Le juif parut très contrarié de voir qu’Olivier ne témoignait pas plus de curiosité à ce sujet ; mais, à vrai dire, celui-ci, bien qu’il fût dévoré d’inquiétude, était si troublé par le regard scrutateur de Fagin et par ses propres pensées, qu’il ne put en demander davantage en ce moment. L’occasion ne se présenta plus ; le juif resta morne et silencieux jusqu’au soir, et, à la nuit close, se prépara à sortir.

« Tu peux allumer une chandelle, dit le juif en en posant une sur la table ; et voici un livre pour te distraire jusqu’à ce qu’on vienne te chercher.
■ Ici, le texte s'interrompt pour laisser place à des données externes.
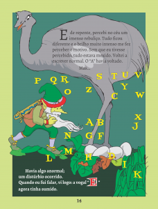 De repente, ele percebeu algo estranho: a vogal A desapareceu. E, por mais que ele tentasse não conseguiu encontrá-la. Teve que se expressar de improviso sem o uso da vogal fujona até conseguir recuperá-la. Mas para seu desespero, quando o A retornou, a vogal E desaparece. Diante desse sufoco, nosso apavorado amiguinho vai se desdobrando na criatividade para suprir cada uma das vogais enquanto tenta recuperar uma a uma.

Bonsoir.

— Bonsoir, monsieur, » répondit doucement Olivier.

Le juif se dirigea vers la porte, en regardant l’enfant du coin de l’œil ; puis il s’arrêta brusquement et l’appela par son nom.

Olivier leva la tête ; le juif, lui montrant du doigt la chandelle, lui fit signe de l’allumer. Il obéit ; et, comme il posait le flambeau sur la table, il vit que le juif, les sourcils froncés, l’examinait attentivement du fond de la chambre.

« Prends garde, Olivier ! prends garde à toi ! dit le vieillard avec un geste qui en disait plus que des paroles ; c’est un butor capable de tout, pour peu qu’on l’irrite. Quoi qu’il arrive, ne dis rien, et fais tout ce qu’il voudra. Réfléchis bien à ce que je te dis là ! »

Il appuya beaucoup sur ces derniers mots ; un horrible sourire passa sur son visage ; il fit un signe de tête et sortit.

Olivier, resté seul, mit sa tête dans ses mains, et réfléchit avec angoisse aux paroles qu’il venait d’entendre : plus il pensait à la recommandation du juif, et plus il se perdait en conjectures sur le sens et la portée de cet avis. Si l’on avait à son égard des intentions criminelles, ne pouvait-on pas les mettre à exécution tout aussi bien chez Fagin que chez Sikes ? Tout considéré, il s’arrêta à l’idée qu’on l’avait choisi pour remplir chez ce dernier quelques fonctions domestiques, jusqu’à ce qu’il se fût procuré un garçon qui lui convînt davantage ; il était trop habitué à souffrir, et il avait trop souffert chez le juif, pour regretter un changement, quel qu’il fût. Il resta quelques minutes plongé dans ces pensées, puis moucha la chandelle en soupirant, et, ouvrant le livre que Fagin lui avait laissé, se mit à le parcourir.